The control set fiction put an unnecessarily heavy burden upon SMEs. They were supposed to review thousands of random documents at the beginning of a project, sometimes tens of thousands, and successfully classify them, not only for relevance, but sometimes also for a host of sub-issues. Some gamely tried, and went along with the pretense of omnipotence. After all, the documents in the control set were kept secret, so no one would ever know if any particular document they coded was correct or not. But most SMEs simply refused to spend days and days coding random documents. They refused to play the pretend wizard game.

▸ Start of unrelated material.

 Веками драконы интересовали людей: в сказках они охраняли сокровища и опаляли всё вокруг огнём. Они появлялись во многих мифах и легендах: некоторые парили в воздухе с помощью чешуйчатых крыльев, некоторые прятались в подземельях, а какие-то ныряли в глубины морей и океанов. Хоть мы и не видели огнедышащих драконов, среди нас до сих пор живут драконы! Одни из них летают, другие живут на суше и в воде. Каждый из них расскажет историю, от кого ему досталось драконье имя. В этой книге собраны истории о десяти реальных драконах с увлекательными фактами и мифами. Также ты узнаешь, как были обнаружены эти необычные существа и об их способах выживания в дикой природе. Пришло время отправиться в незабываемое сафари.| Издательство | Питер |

Another GPT generated image

Every day that vendors keep phony control set procedures in place, is another day that lawyers are mislead on recall calculations based on them; another day lawyers are frustrated by wasting their time on overly large random samples; another day everyone has a false sense of protection from the very few unethical lawyers out there, and incompetent lawyers; and another day clients pay too much for document review. I continue call upon on all vendors to stop using control sets and phase it out of their software.

The best SMEs correctly intuited that they had better things to do with their time, plus many clients did not want to spend over $1,000 per hour to have their senior trial lawyers reading random emails in a control set, most of which would be irrelevant. I have heard many complaints from lawyers that predictive coding is too complicated and did not work for them. These complaints were justified. The control set and two-step review process were the culprits, not the active machine learning process. The control set has done great harm to the legal profession. As one of the few writers in e-discovery free from vendor influence, much less control, I have been free to blow the whistle, to put an end to the vendor hype. No more secret control sets. Let us simplify and get real. Lawyers who have tried predictive coding before and given up, come back and try Predictive Coding 4.0.

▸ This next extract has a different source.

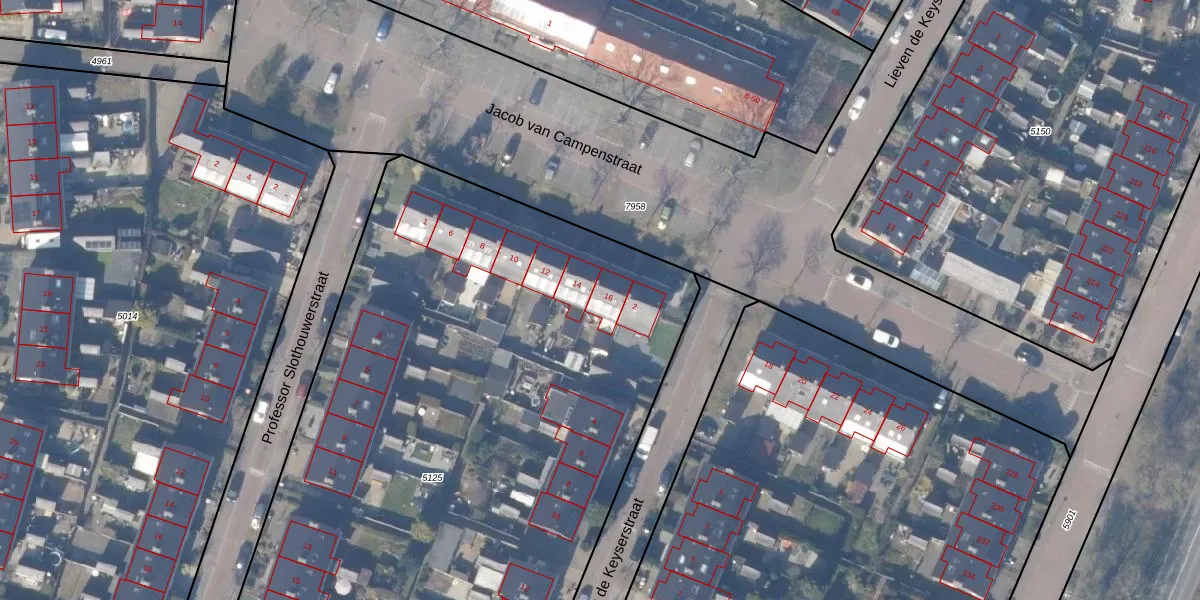 Het perceel waarop Jacob van Campenstraat 16 staat heeft een oppervlakte van 4813 m². Dit is een zeer groot perceel. De perceeloppervlakte wordt geregistreerd door het Kadaster. Gedetailleerde informatie over de maten van dit perceel kunt u vinden in het rapport Kadastrale kaart met maatvoering van Jacob van Campenstraat 16.

Another reason control sets fail in legal search is, as mentioned, the very low prevalence typical of the ESI collections searched. We only see high prevalence when the document collection is keyword filtered. The original collections are always low, usually less that 5%, and often less than 1%. About the highest prevalence collection ever searched in open testing of competing search methods was the Oracle collection in the EDI search experiment. There, although not announced, it was obvious to most participants that it had been heavily filtered by a variety of methods. That is not a best practice because the filtering often removes the relevant documents from the collection, making it impossible for predictive coding to ever find them. More on that later in the course. Grossman and Cormack have also written extensively on the issue of keyword filtering.

The control set approach also rarely works well in legal search because of the small size of the random sample usually taken by most vendors. The sample is rarely large enough to include a representative document from each type of relevant documents in the corpus, much less the outliers. It is not even close. For that reason, even if the relevance benchmark is not always evolving during the review, concept drift, the control set would still fail because it is incomplete. The result is likely to be overtraining of the document types on those that happened to hit in the control set, which is exactly what the control set is supposed to prevent. This kind of overfitting can and does happen for a variety of reasons, not just do to improper training based on an incomplete control set. That is an additional problem separate and apart from relevance shift.

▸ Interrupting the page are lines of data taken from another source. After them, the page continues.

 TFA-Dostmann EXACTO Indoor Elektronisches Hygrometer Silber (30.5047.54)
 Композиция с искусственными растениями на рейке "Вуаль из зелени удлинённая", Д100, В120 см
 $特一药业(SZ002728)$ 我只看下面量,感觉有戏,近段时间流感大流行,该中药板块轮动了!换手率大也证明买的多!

Not only that, many types of relevant documents are never included in the control set because they did not happen to be in the random sample. The natural rarity of relevant evidence in unfiltered document collections, aka low prevalence, makes the control set useless and worse, leads to over training in the CAL process of the few relevant documents caught in the random control set.

These are problems mitigated, if not solved by the hybrid multimodal search aspects of predictive coding in version 4.0 that I teach.

Lawyers still using version 2.0 methods should be wary about the use of control sets to certify the completeness of a production. Separate samples should be preferred for making final assessments of production completeness. Yes, there is still a place for random selection of documents, but only for quality control sampling, not for initial training. As is explained in my Predictive Coding course, a separate random sample should be used at the beginning and end of a project, but only to assess production completeness, not as a first-guess control set. Random sampling is critical for project evaluation, but it is a terribly inefficient guide for training. In version 3.0, random sampling remained, but was used in an entirely different way. It was the third step in the eight-step  process of both my versions 3.0 and 4.0, but the use of a secret set of random documents, the control set, was eliminated. That represents the dividing line for me between versions two and three.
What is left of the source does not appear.